## Task brief:
Among the lines below, output only those between the line holding "Set di cassetti" and the line holding "L'église Saint Pierre, du", inclusive, exactly as written and with no pictures.

## Source data:
◆ ◆ ◆

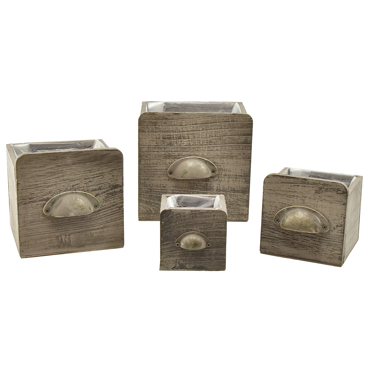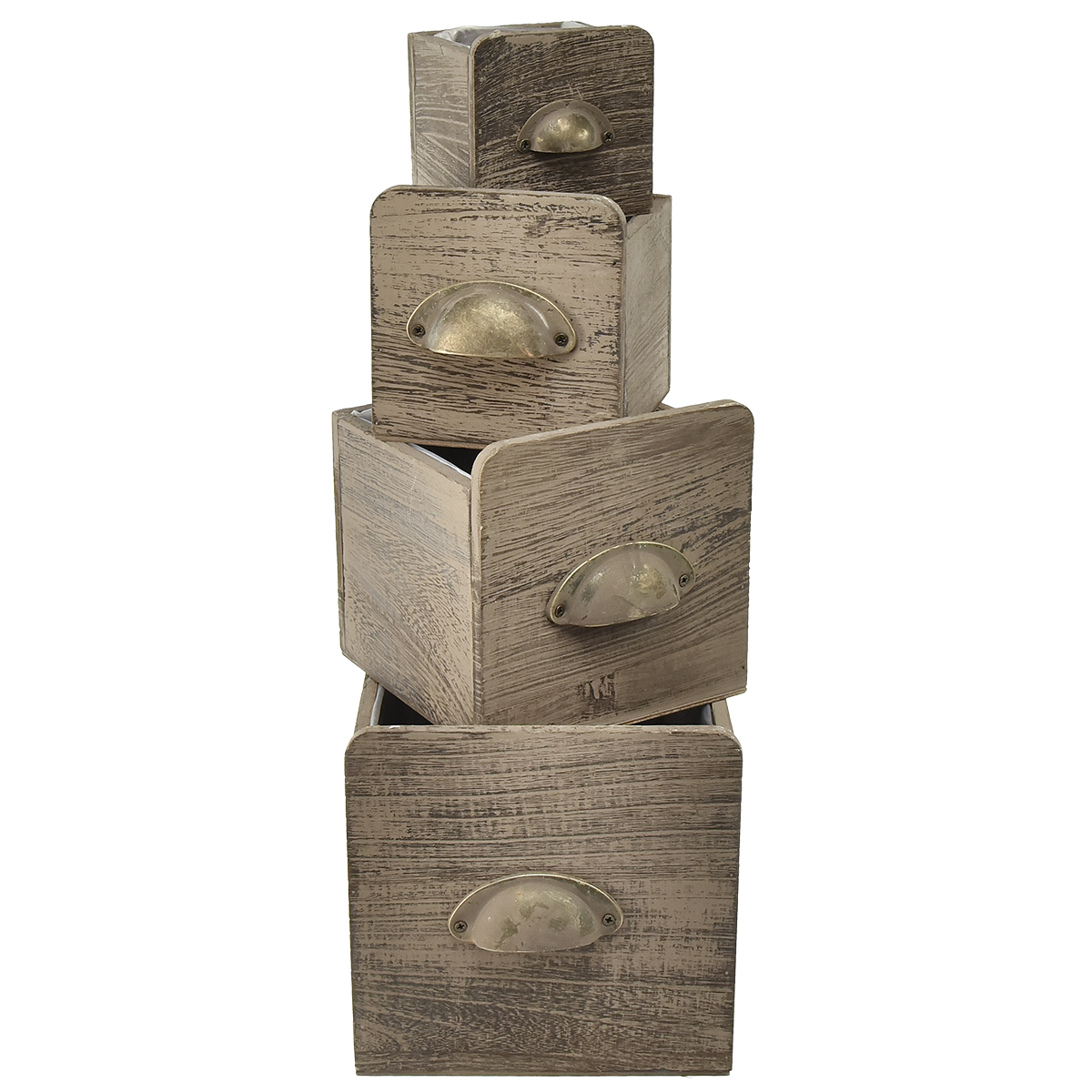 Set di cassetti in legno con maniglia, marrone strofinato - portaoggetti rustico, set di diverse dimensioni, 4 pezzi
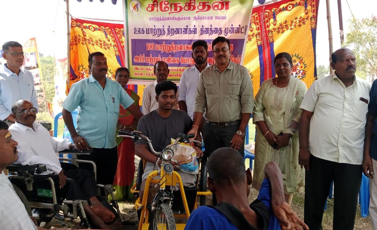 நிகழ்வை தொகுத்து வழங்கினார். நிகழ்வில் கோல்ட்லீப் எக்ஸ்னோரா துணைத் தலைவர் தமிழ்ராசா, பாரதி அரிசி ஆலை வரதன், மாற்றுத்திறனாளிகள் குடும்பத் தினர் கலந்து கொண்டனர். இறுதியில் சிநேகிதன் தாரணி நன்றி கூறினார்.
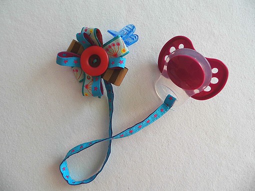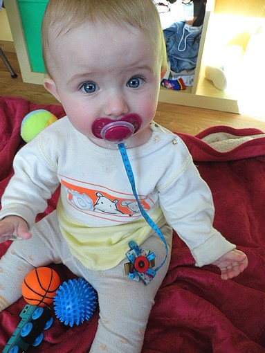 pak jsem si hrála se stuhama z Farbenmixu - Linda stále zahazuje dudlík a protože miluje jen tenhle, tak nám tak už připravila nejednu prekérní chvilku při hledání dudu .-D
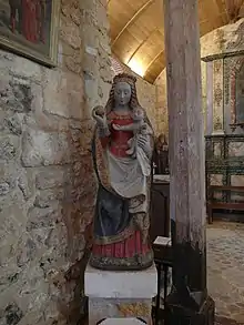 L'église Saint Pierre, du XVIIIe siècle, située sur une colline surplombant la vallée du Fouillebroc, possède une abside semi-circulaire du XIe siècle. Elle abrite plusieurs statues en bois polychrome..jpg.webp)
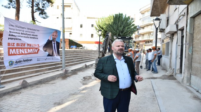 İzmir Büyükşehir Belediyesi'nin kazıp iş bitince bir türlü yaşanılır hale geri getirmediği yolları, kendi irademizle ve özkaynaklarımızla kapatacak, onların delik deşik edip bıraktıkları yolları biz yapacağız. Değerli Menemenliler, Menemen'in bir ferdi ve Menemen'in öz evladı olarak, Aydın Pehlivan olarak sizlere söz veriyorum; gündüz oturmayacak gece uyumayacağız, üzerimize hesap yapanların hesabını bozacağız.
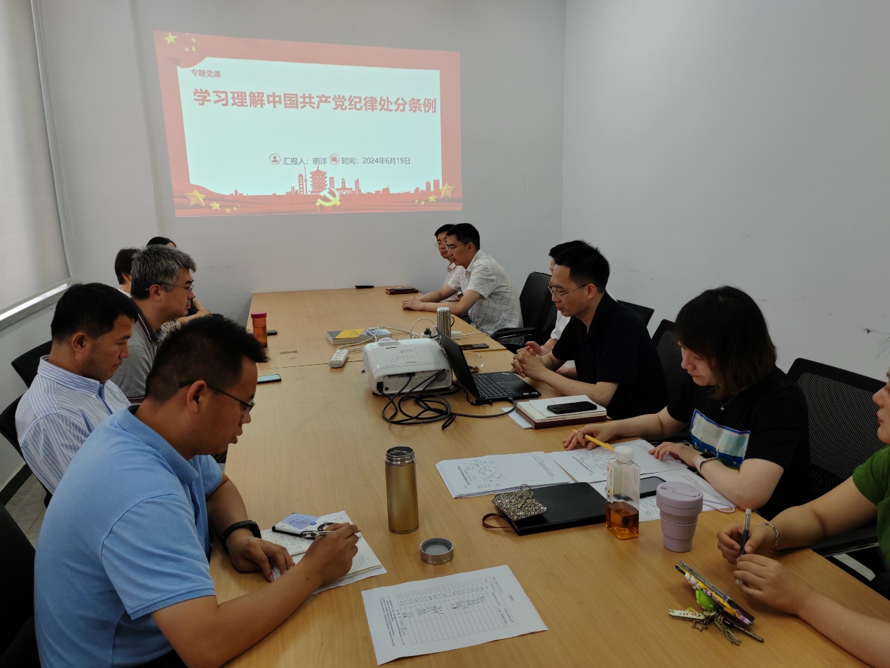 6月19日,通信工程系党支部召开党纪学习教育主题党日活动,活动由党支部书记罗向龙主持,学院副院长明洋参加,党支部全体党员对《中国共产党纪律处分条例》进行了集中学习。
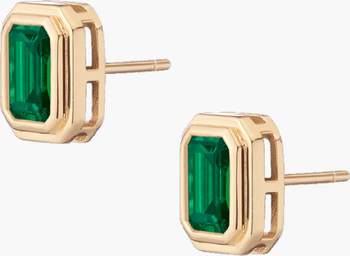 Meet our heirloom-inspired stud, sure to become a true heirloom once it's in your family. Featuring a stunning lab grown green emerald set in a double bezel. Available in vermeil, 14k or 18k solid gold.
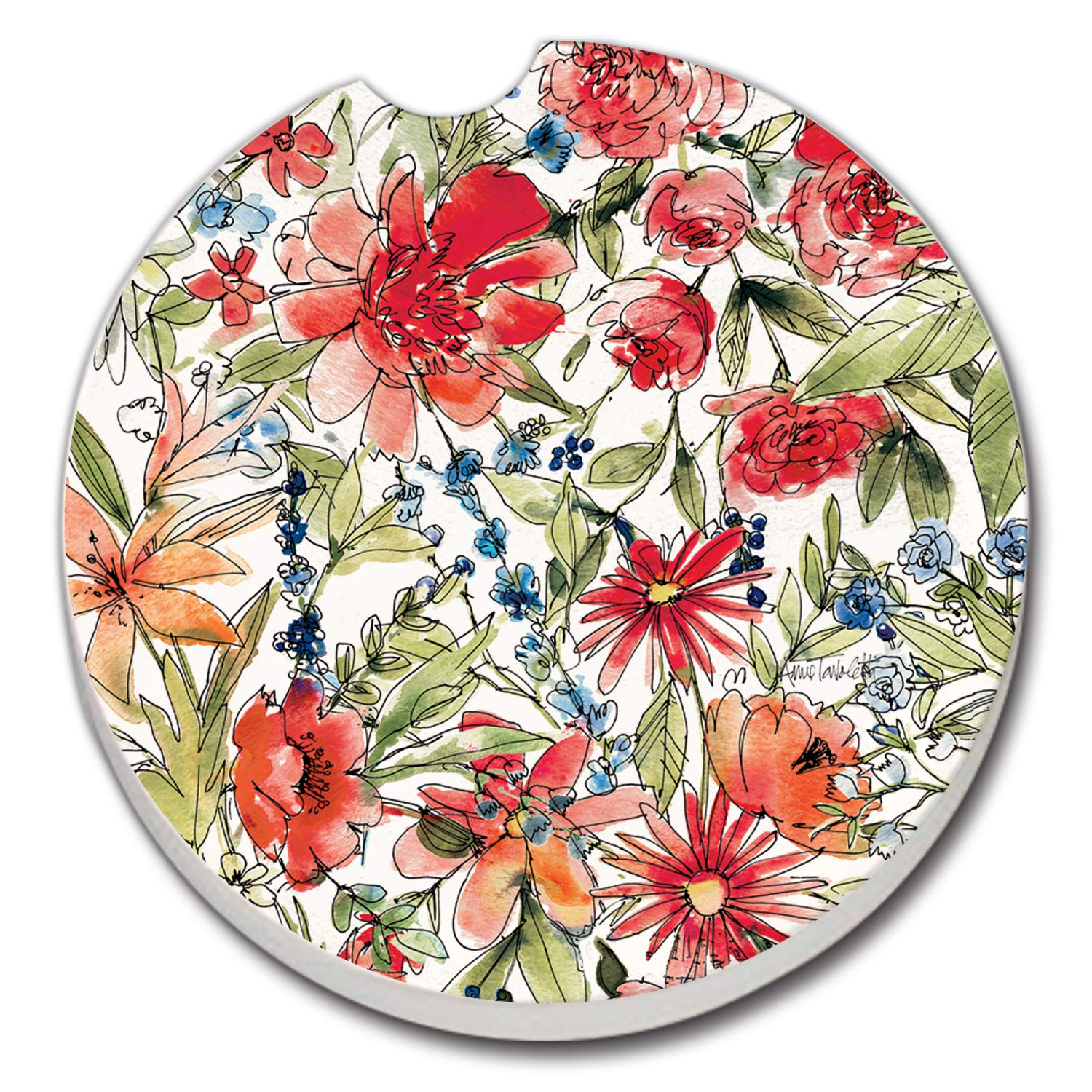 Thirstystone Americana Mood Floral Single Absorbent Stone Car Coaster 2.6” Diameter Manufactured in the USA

◆ ◆ ◆

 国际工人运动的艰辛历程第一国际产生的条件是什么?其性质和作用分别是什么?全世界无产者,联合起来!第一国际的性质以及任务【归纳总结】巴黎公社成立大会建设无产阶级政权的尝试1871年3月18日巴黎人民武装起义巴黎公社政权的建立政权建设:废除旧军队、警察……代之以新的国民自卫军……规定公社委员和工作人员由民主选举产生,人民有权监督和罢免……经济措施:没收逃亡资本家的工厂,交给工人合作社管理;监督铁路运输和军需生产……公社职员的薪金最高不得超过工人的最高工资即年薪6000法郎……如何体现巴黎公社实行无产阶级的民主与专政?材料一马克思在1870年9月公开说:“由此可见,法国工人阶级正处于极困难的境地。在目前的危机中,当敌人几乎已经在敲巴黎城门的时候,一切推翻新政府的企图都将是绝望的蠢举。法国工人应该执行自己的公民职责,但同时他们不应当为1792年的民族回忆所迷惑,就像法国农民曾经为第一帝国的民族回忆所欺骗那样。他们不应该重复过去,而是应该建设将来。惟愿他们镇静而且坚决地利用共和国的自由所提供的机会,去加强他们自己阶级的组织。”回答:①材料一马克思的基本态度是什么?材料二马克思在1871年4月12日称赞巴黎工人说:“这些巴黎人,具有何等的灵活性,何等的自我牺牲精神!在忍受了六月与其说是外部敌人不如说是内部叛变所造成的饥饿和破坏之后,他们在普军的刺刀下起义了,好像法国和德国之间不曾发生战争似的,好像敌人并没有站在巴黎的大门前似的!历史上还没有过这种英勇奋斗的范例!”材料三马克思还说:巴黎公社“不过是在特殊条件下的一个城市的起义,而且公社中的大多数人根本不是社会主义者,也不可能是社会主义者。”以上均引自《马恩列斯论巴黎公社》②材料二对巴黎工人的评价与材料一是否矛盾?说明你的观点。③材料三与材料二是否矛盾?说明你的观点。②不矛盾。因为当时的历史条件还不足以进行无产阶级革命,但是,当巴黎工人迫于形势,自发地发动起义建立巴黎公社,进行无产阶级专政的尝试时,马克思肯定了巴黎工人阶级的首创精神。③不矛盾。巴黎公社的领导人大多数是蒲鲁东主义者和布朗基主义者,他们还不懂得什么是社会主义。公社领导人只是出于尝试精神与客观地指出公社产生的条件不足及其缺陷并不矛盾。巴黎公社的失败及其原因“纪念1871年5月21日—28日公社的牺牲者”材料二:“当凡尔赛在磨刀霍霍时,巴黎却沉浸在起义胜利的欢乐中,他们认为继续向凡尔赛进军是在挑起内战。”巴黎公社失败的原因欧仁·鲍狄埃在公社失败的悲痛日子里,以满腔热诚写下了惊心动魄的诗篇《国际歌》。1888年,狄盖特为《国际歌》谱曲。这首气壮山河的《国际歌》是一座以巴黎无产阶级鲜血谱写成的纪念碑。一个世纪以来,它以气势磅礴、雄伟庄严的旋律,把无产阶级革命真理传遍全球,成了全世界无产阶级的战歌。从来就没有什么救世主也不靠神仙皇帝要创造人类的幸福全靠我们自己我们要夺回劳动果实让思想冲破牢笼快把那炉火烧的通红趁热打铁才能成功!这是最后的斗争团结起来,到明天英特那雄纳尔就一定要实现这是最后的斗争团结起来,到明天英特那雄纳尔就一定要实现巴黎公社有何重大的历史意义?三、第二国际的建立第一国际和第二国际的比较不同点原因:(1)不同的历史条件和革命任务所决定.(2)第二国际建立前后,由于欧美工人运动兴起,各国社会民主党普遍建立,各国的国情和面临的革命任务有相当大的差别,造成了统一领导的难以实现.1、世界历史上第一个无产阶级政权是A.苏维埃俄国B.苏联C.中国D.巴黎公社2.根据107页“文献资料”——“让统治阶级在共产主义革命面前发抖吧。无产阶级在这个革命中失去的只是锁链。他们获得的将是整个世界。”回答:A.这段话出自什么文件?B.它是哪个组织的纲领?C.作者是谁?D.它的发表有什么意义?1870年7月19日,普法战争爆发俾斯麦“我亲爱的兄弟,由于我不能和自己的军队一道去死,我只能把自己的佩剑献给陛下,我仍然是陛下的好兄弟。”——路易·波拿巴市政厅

◆ ◆ ◆

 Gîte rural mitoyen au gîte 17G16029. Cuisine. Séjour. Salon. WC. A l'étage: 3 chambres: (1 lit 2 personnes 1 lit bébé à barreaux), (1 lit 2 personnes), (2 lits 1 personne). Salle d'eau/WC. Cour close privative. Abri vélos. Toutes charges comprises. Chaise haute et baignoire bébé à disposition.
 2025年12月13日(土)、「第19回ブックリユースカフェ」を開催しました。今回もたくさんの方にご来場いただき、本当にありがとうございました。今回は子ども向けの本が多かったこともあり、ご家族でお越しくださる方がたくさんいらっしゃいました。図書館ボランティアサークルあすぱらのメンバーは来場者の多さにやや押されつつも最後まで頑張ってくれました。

◆ ◆ ◆

## Task response:
 Set di cassetti in legno con maniglia, marrone strofinato - portaoggetti rustico, set di diverse dimensioni, 4 pezzi
 நிகழ்வை தொகுத்து வழங்கினார். நிகழ்வில் கோல்ட்லீப் எக்ஸ்னோரா துணைத் தலைவர் தமிழ்ராசா, பாரதி அரிசி ஆலை வரதன், மாற்றுத்திறனாளிகள் குடும்பத் தினர் கலந்து கொண்டனர். இறுதியில் சிநேகிதன் தாரணி நன்றி கூறினார்.
 pak jsem si hrála se stuhama z Farbenmixu - Linda stále zahazuje dudlík a protože miluje jen tenhle, tak nám tak už připravila nejednu prekérní chvilku při hledání dudu .-D
 L'église Saint Pierre, du XVIIIe siècle, située sur une colline surplombant la vallée du Fouillebroc, possède une abside semi-circulaire du XIe siècle. Elle abrite plusieurs statues en bois polychrome..jpg.webp)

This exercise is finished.